Entrevista com Yanis Varoufakis, ministro das Finanças do Governo do Syriza
Nesta entrevista, para o público falante de alemão, dada a Johanna Jaufer da cadeia pública austríaca ORF, Varoufakis afirma: “A Europa não aprendeu com as lições da história e, enquanto não mudarmos de rumo, é altamente improvável que consigamos manter o conjunto da união”.
27 de Janeiro, 2015
Yanis Varoufakis, ministro das Finanças do Governo do Syriza
Yanis Varoufakis é o ministro das Finanças do governo grego do Syriza. É um reconhecido economista greco-australiano, professor na Universidade do Texas e na Universidade de Atenas. Em março de 2014, foi um dos 74 economistas de 20 países que assinaram o manifesto internacional que apelou à reestruturação da dívida portuguesa e apoiou o manifesto das 70 personalidades portuguesas.
Você é há três semanas político profissional…
Duas semanas.
Teve que pensar muito? No seu blogue escreveu também que a decisão lhe dava pânico.
Foi uma decisão grave. Porque eu entro na política para realizar uma tarefa que sempre pensei que tinha que levar a cabo, e era-me dada a oportunidade de meter mãos à obra. Tem a ver com as negociações entre a Grécia e a União Europeia, em caso de vitória do Syriza: trata-se de um projeto e de uma perspetiva extremamente difíceis. Por outro lado, eu sou um académico, sou um cidadão, um cidadão ativo, de maneira que estou habituado a um tipo de diálogo em que o que se trata é que eu aprenda realmente consigo e você comigo: teremos desacordos, mas através desses desacordos, os nossos respetivos pontos de vista enriquecer-se-ão.
Não se trata de alguém se impor a outro…
Exato. Mas na política é pior: cada parte tenta destruir a outra parte – perante o público -, e isso é algo que me é alheio, algo que de nenhuma forma estou disposto a fazer.
E o que acontece com o seu trabalho na universidade? Fica suspenso?
Sim, efetivamente. Deixei a Universidade do Texas. Mantenho a minha cátedra na Universidade de Atenas – sem pagamento -, e espero que não passe muito tempo até regressar.
Está disposto a permanecer num governo por mais tempo?

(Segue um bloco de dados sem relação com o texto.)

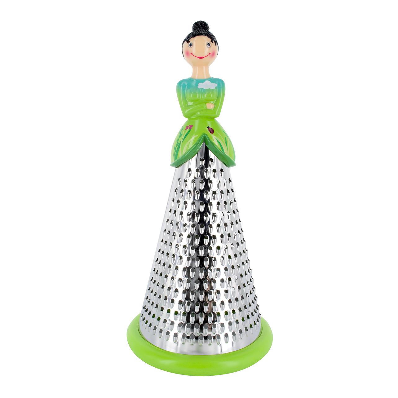 Jeg blir kalt «Ma Dame», og jeg får ofte komplimenter for min elegante og elegante oppførsel. Noen ganger sier folk lekent at den lange kjolen min kan være litt røff. Men vær trygg, jeg er leken og glad i nytelse, og jeg vil gjerne stikke ned fra hyllen din for å forsiktig rive ost, sjokolade eller litt sitrusskall. Med de tre hullene i kjolen min, vil du oppnå presis riving som vil forbedre rettene dine.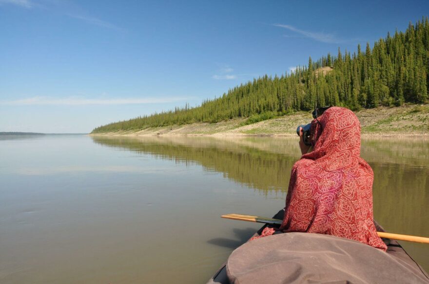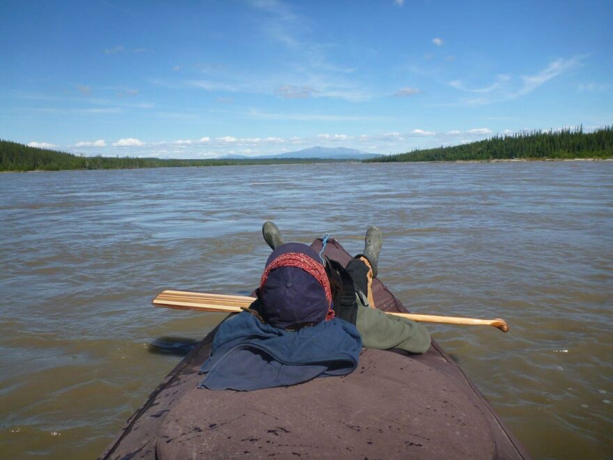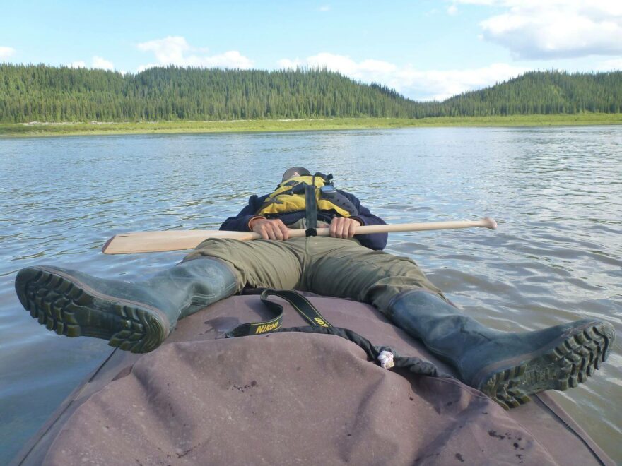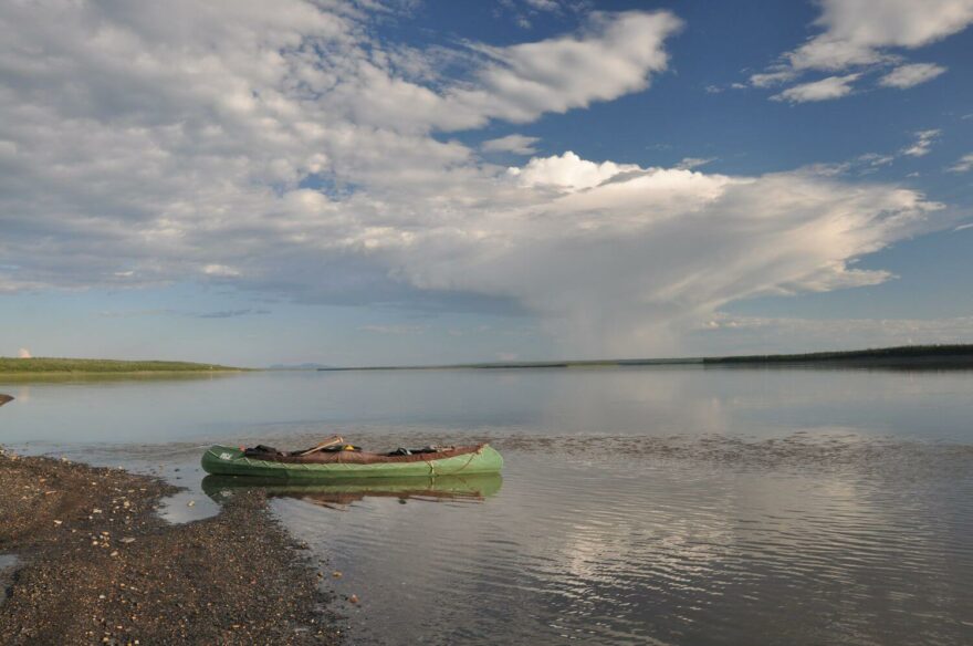 Druhý den nás čeká 70 km na jeden zátah do nejlidnatějšího místa na řece – Norman Wells. Je naprosto tichý klidný den. Ani moc nepádlujeme. Zde si je třeba vzdálenost spíše odsedět než odpádlovat. Jíme a různě ležíme v kánoi. Pádlujeme vždy do středu řeky, kde je nejrychlejší proud. Pak jsme ale snadno přes kilometr od břehu a vůbec nám nepřipadá, že někam jedeme.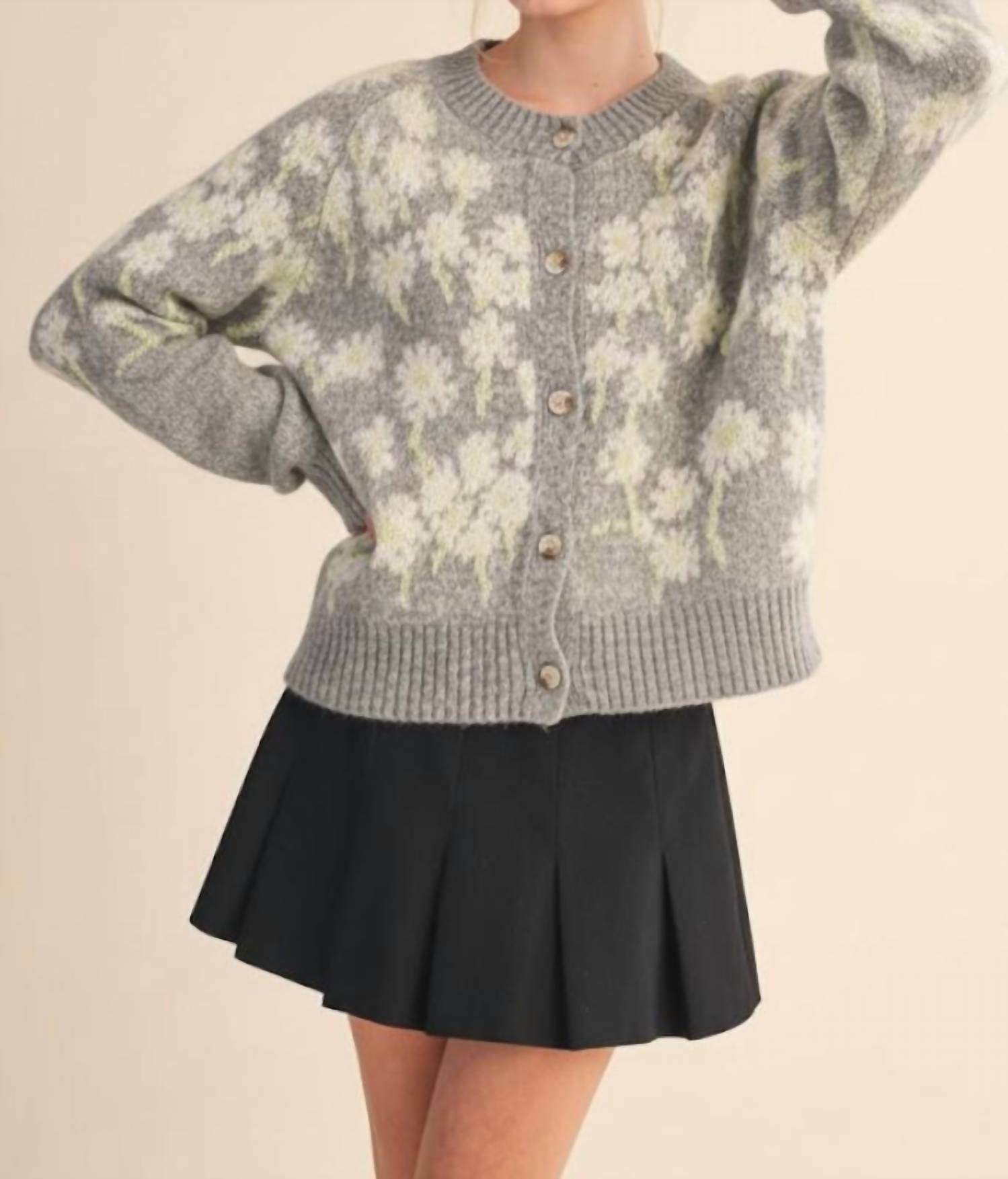 This cardigan will be a sweater-rotation favorite. Embrace effortless Boho Chic with the Floral Knit Cardigan by &merci, a must-have for your fall travel wardrobe. This grey cardigan features a charming floral pattern with long raglan seam sleeves and a button closure for easy layering. Designed with a crewneck, it offers a relaxed fit and waist-length cut, complemented by ribbed cuffs and hem. Care: Hand wash and lay flat to dry.

Não. Não desejo fazer carreira política. Idealmente, o que quereria é que outra pessoa fizesse isto, e que o fizesse melhor que eu. Só que esta era a única forma de fazer algo que não poderia fazer de outro modo. Não sou um profeta, de modo que não lhe posso dizer onde estarei daqui a dois, três, cinco ou dez anos. Mas se me pergunta agora, o ótimo para mim seria que o nosso governo tivesse sucesso na renegociação de um acordo com a Europa que tornasse a Grécia sustentável, e que depois outras pessoas viriam, já se sabe… o poder deve ser rotativo, ninguém deveria prender-se a ele.
Algo que foi divulgado várias vezes na Alemanha e na Áustria é o assunto das reparações de guerra, porque a Alemanha se esquivou a pagar reparações propriamente ditas depois da II Guerra Mundial. Na sua opinião, por que aconteceu isso? Talvez porque alegaram que a Alemanha se encontrava dividida, e esperavam uma reunificação? Ou foi porque os norte-americanos alegaram que precisavam de uma Alemanha capaz de albergar as suas bases militares, o que deixava pendurados os reclamantes? Ou foi uma combinação de ambas as coisas?

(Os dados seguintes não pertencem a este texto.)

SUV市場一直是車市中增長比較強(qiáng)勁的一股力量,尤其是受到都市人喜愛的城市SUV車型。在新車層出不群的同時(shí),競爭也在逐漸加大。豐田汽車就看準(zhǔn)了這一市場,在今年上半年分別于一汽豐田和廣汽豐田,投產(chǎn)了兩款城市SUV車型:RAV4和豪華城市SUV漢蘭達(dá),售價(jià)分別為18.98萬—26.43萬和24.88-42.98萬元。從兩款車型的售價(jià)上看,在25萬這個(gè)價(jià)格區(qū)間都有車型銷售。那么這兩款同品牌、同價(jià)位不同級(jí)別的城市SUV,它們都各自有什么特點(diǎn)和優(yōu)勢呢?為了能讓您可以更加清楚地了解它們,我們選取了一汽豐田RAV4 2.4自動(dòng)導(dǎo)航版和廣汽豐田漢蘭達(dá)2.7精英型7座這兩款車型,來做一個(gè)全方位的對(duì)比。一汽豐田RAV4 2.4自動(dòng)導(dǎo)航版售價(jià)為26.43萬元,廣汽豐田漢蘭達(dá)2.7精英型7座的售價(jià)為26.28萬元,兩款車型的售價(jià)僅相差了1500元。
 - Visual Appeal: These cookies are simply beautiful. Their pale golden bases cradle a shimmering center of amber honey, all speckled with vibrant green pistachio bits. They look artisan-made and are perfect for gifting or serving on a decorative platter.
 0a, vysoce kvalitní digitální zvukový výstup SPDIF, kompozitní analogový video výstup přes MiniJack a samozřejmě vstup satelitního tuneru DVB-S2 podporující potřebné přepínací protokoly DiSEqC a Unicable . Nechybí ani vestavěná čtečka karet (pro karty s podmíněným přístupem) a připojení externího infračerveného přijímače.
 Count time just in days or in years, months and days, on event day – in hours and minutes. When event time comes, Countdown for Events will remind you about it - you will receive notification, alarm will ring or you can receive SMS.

Foi uma combinação. Nos anos 40, os Aliados tinham decidido converter de novo a Alemanha num país camponês. Propuseram o desmantelamento de 700 fábricas, e foram os norte-americanos que travaram esse plano. De maneira que, sim, destruíram 700, mas depois mudaram de ideias. Mudaram por razões que têm a ver com o modo como os EUA estavam a desenhar o capitalismo global: precisavam de uma moeda forte na Europa e de uma moeda forte na Ásia (que acabaram por ser o marco alemão e o iene japonês), e todo o projeto da União Europeia se construiu em torno desse plano. Na Europa nós gostamos de pensar que a União Europeia foi uma criação nossa. Não foi. Foi um desenho norte-americano que depois nós adotamos e que, certamente, era congruente com o que desejávamos, com as nossas aspirações. Parte desse desenho passava por estimular a economia alemã, tirá-la da depressão, tirá-la do poço em que se encontrava nos anos 40, e uma componente importante de qualquer tentativa de revigorar uma economia passa por aliviar a sua dívida, por um corte importante da dívida, pelo perdão de dívida. Assim, em 1953 foi organizada a Conferência da Dívida em Londres, da qual resultou um violento corte da dívida alemã em prejuízo de muitas nações, entre as quais a Grécia. Mas a Grécia é um caso especial, porque a Alemanha tinha contraído com ela uma dívida que não tinha com nenhuma outra nação: em 1943, a Kommandatur aqui, em Atenas, impôs ao Banco da Grécia um acordo pelo qual este banco imprimiria um montão de dracmas – dracmas de guerra— e fornecê-lo-ia às autoridades alemãs para que estas pudessem comprar material, financiar os seus esforços de guerra e acumular bens agrícolas para a Wehrmacht, etc. O interessante é que as autoridades alemãs assinaram um contrato: deixaram por escrito o montante de dinheiro que tomavam como empréstimo. Prometeram pagar juros. Foi, por conseguinte, um empréstimo formal. Os documentos existem ainda e encontram-se em poder do Banco (Central) da Grécia. Em nenhum outro país aconteceu algo parecido. De modo que isto é como uma dívida oficial, como um título, contraído com a Grécia em tempo de guerra pelo estado nazi alemão.
Pode dar números exatos?
Números exatos. Será escusado dizer que a dificuldade está em traduzir essa moeda de guerra, que muito rapidamente foi absolutamente inflacionada por causa da quantidade de dracmas imprimidos. As autoridades alemãs, ao aceitar esse empréstimo do Banco da Grécia e ao fazerem compras, desvalorizaram a moeda, o que teve enormes custos sociais secundários em toda a Grécia. É muito difícil calcular exatamente em quanto se traduz esse empréstimo em termos atuais, como se compõe o juro, como se converte, como se calcula o custo da hiperinflação causada… O meu ponto de vista é que somos parceiros; deveríamos deixar-nos de moralismos, deveríamos deixar de apontar-nos mutuamente com o dedo. A teoria económica bíblica – “olho por olho, dente por dente” - deixa todo o mundo cego e desdentado. Deveríamos, simplesmente, sentar-nos com o mesmo espírito com que os EUA se sentaram em 1953, sem levantar questões como: “os alemães merecem o castigo?”, “é culpa ou é pecado?”. Já sei que em alemão os dois conceitos - “culpa” e “dívida” - se expressam com a mesma palavra (Schuld), antónima de crédito. Deveríamos limitar-nos a levantar esta simples questão: como podemos voltar a tornar sustentável a economia social grega de modo que os custos da crise grega sejam minimizados para o alemão médio, para o austríaco médio, para o europeu médio.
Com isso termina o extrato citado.